(Excerpts from a dataset)

+---+

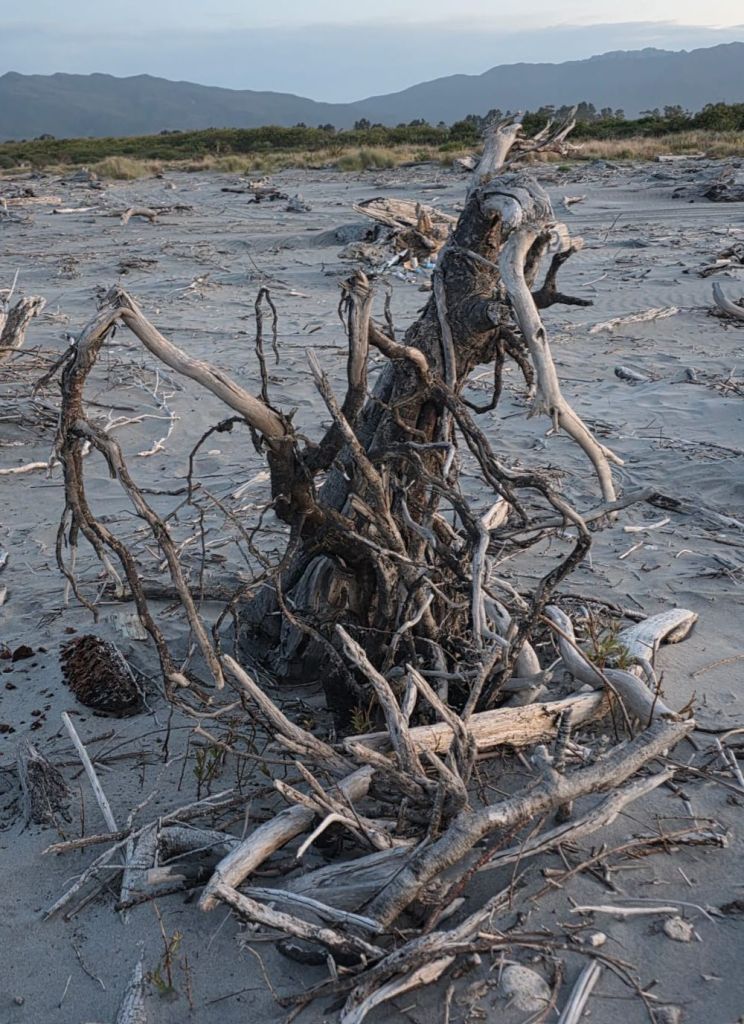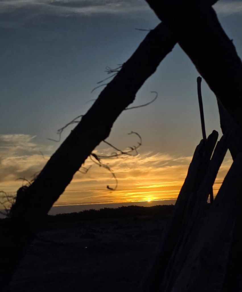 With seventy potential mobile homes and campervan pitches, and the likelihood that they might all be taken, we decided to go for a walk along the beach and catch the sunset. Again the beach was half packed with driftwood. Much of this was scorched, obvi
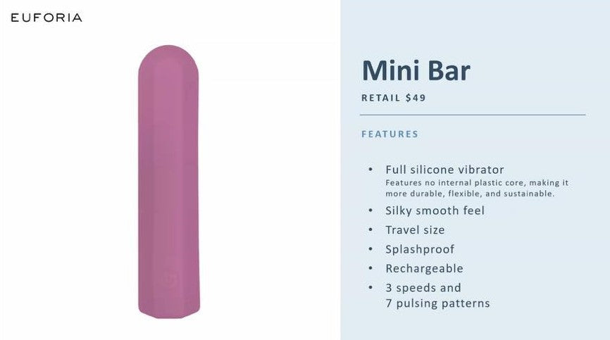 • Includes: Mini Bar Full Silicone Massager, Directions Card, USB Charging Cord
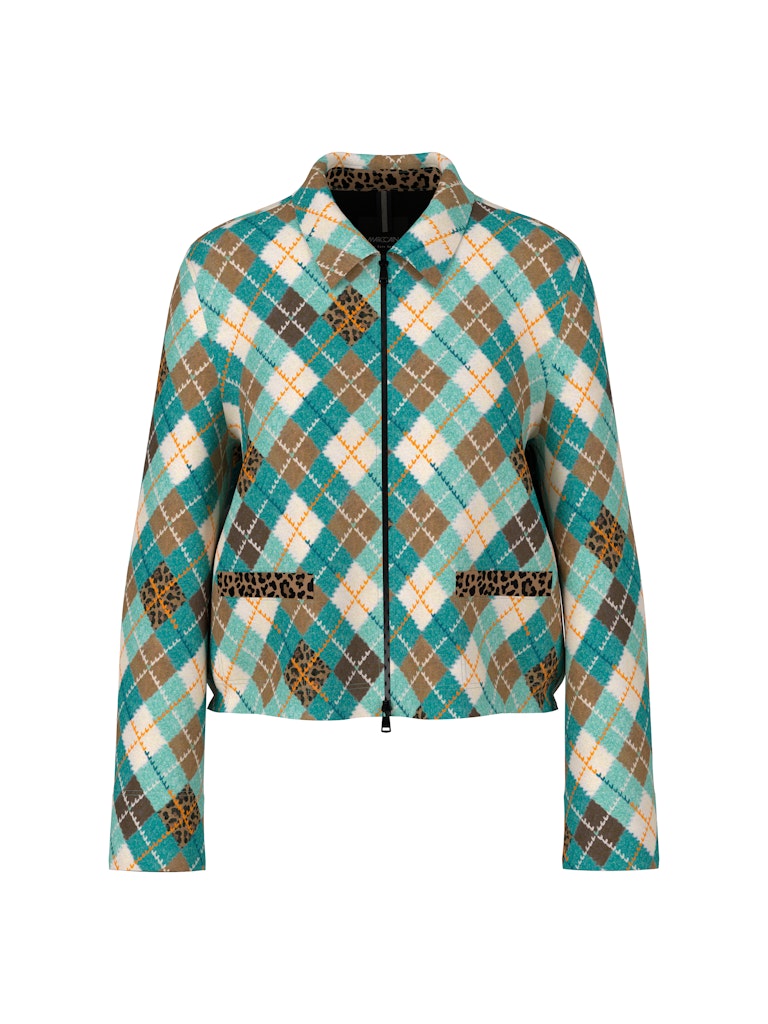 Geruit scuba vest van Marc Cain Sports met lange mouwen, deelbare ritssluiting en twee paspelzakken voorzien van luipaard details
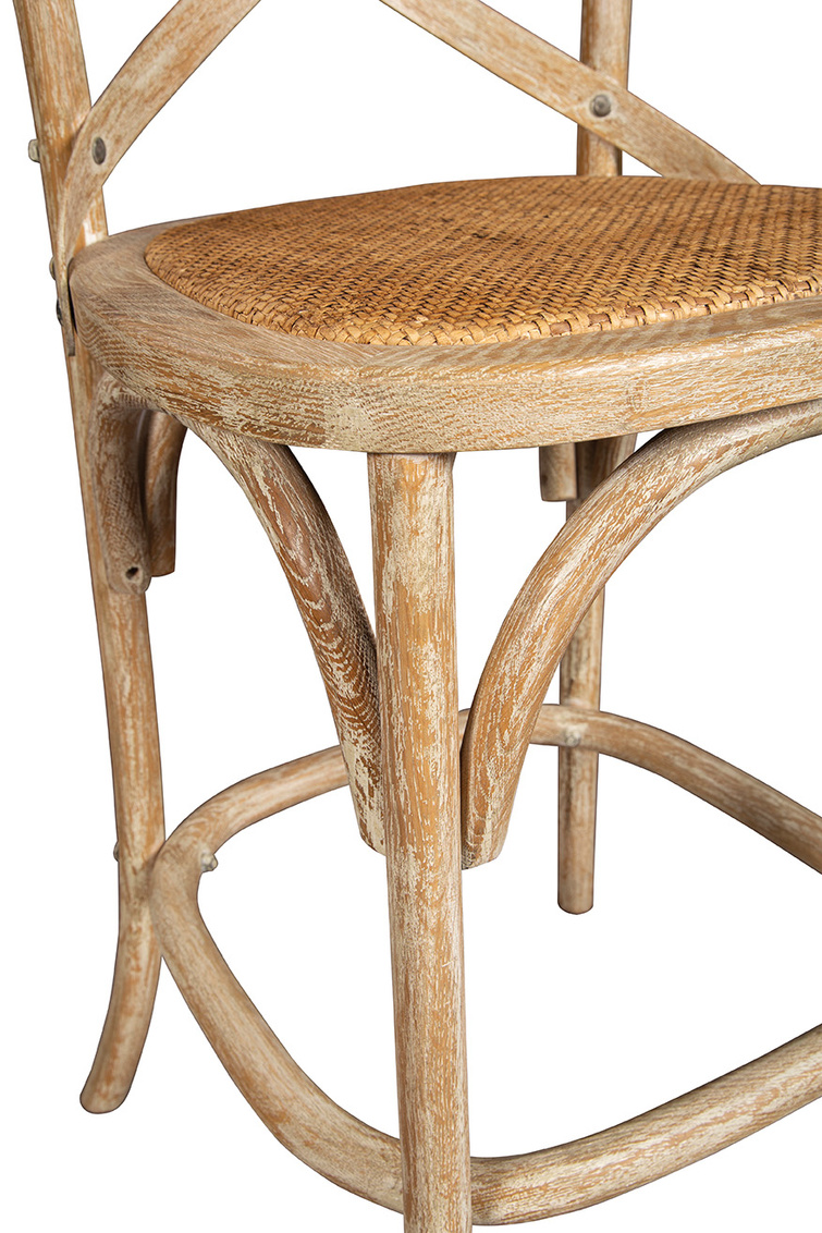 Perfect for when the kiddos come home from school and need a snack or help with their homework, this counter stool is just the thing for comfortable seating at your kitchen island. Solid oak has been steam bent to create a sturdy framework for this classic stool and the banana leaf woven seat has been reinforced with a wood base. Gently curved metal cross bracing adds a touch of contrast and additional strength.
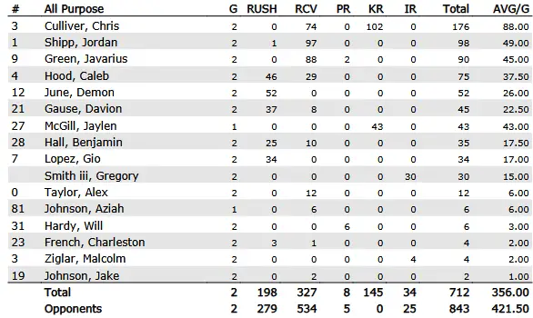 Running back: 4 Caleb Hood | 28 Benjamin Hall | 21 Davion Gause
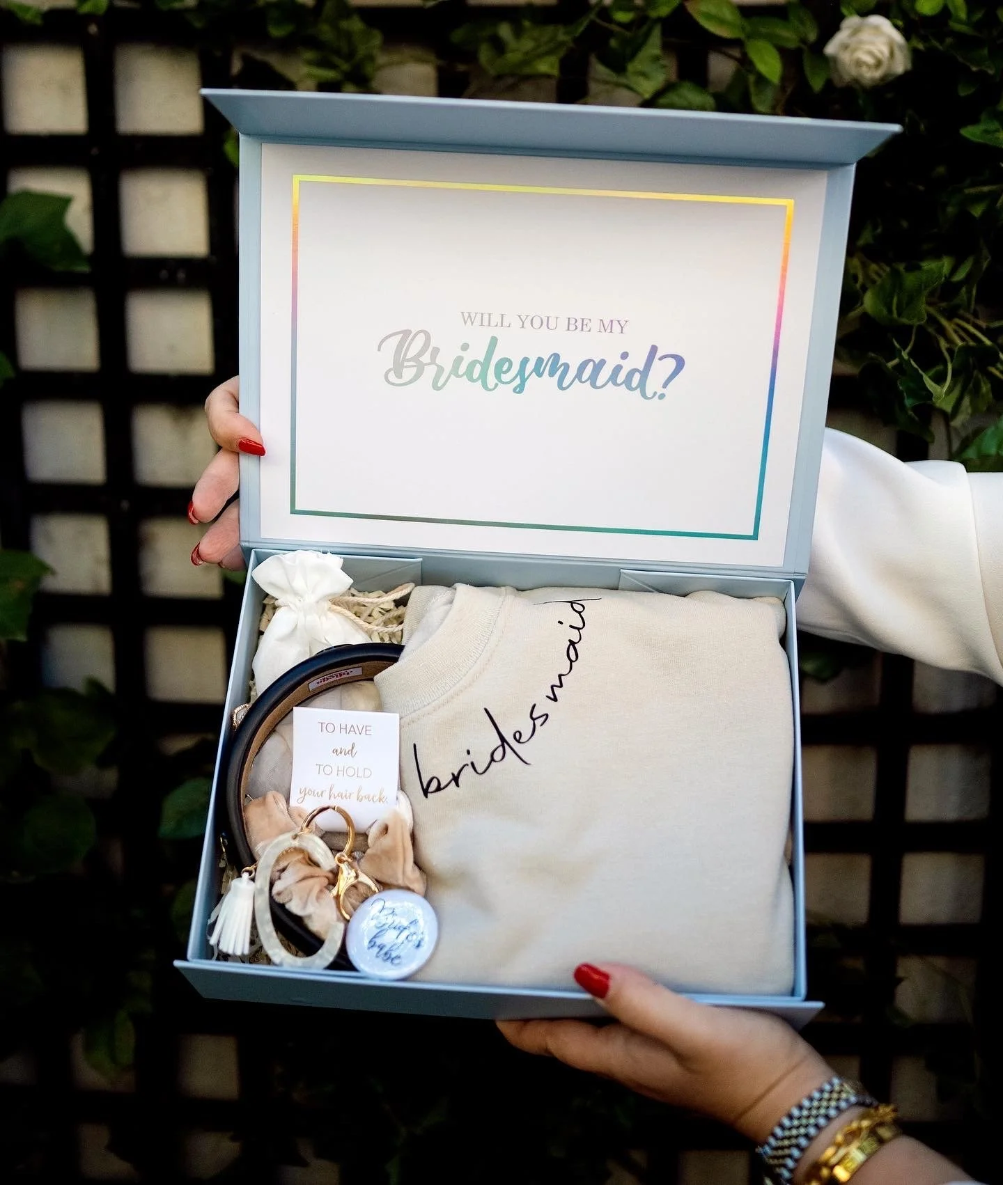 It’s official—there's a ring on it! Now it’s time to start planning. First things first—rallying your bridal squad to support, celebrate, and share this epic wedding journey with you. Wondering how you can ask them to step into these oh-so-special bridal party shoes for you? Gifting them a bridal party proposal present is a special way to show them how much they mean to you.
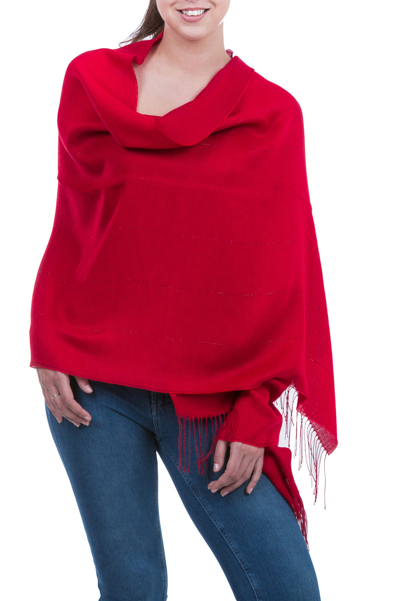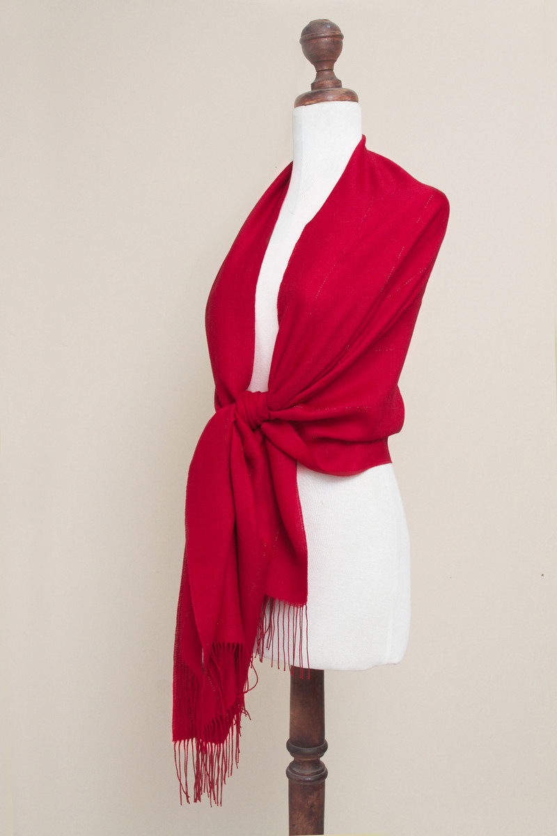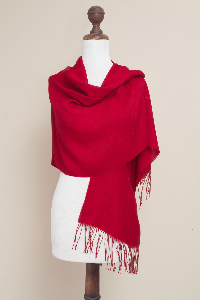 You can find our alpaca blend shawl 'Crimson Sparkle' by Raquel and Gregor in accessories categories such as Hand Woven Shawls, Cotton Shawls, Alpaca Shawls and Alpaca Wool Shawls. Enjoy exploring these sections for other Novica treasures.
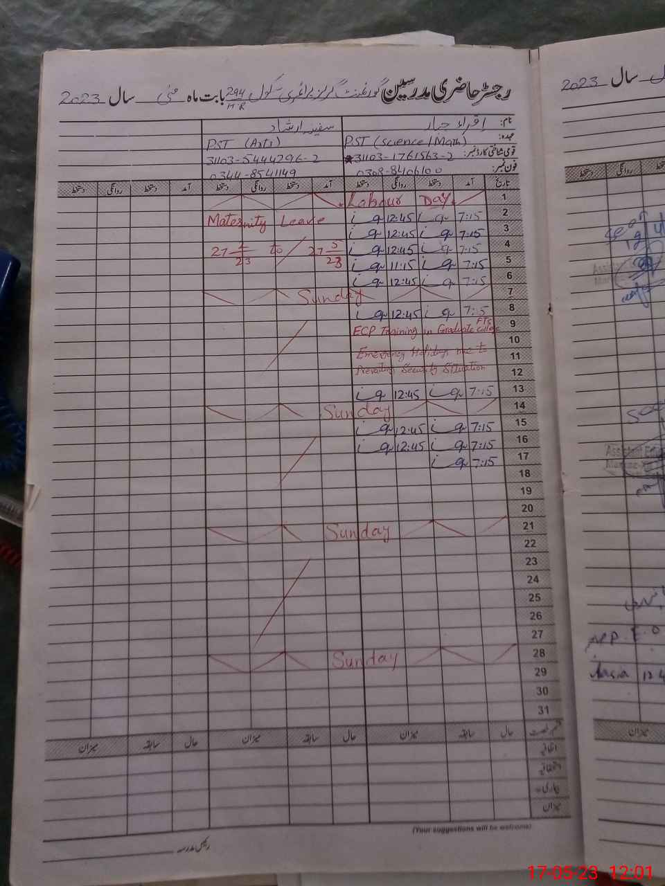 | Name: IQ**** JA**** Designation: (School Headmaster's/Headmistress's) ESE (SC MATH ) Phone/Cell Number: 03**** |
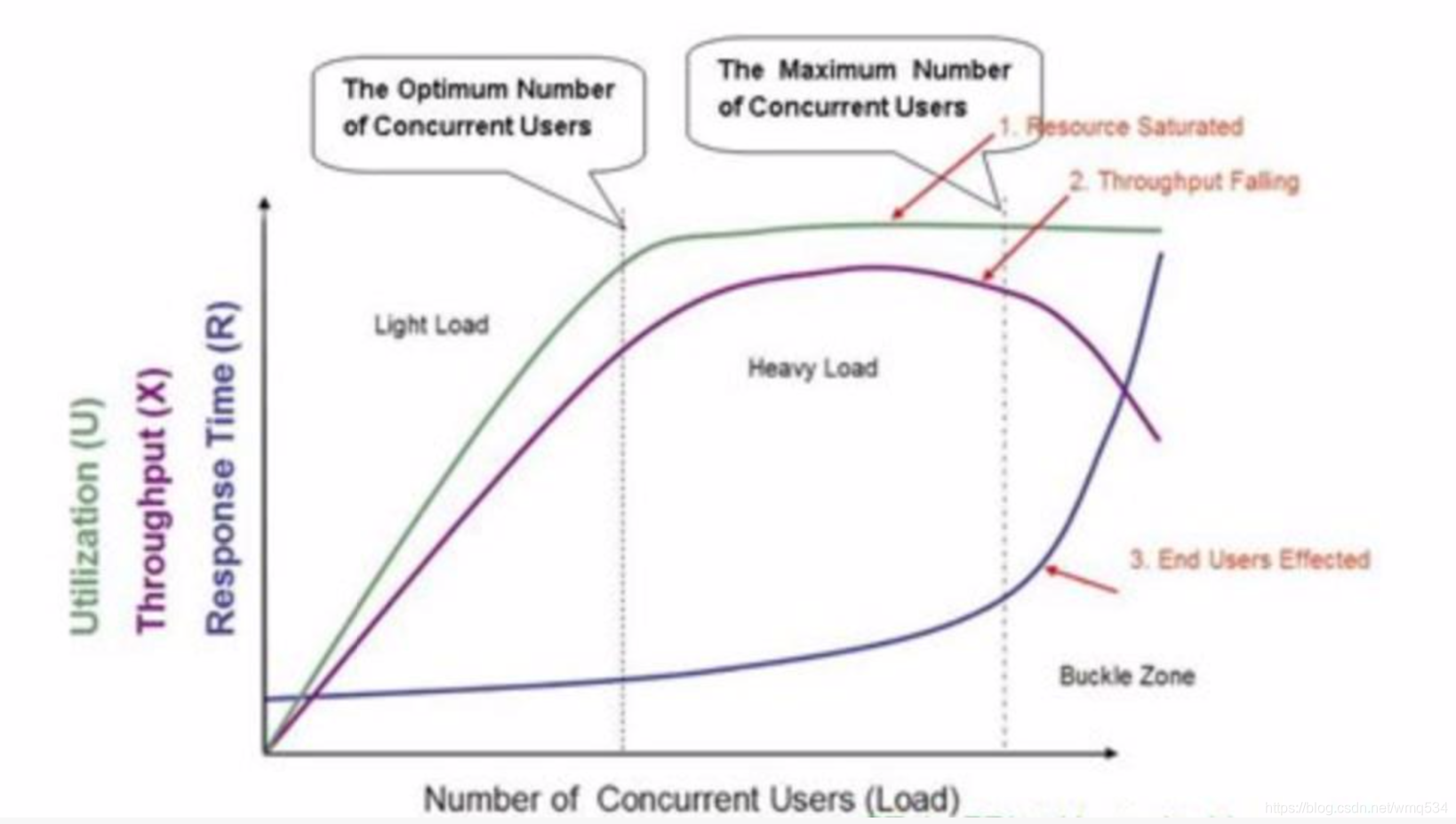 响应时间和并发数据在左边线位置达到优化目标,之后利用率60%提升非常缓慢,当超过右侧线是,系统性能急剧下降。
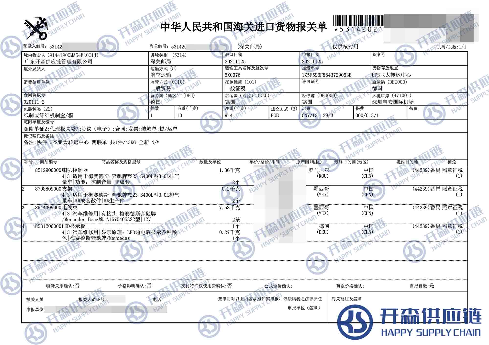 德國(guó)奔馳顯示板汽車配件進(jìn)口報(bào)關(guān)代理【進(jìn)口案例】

+---+

■ **PROBLEM DETAILS**
Extract, word for word, each line from the top of the data down to and including the line with "USB Charging Cord"; skip the pictures.

■ **RESULT FOR THIS TASK**
 With seventy potential mobile homes and campervan pitches, and the likelihood that they might all be taken, we decided to go for a walk along the beach and catch the sunset. Again the beach was half packed with driftwood. Much of this was scorched, obvi
 • Includes: Mini Bar Full Silicone Massager, Directions Card, USB Charging Cord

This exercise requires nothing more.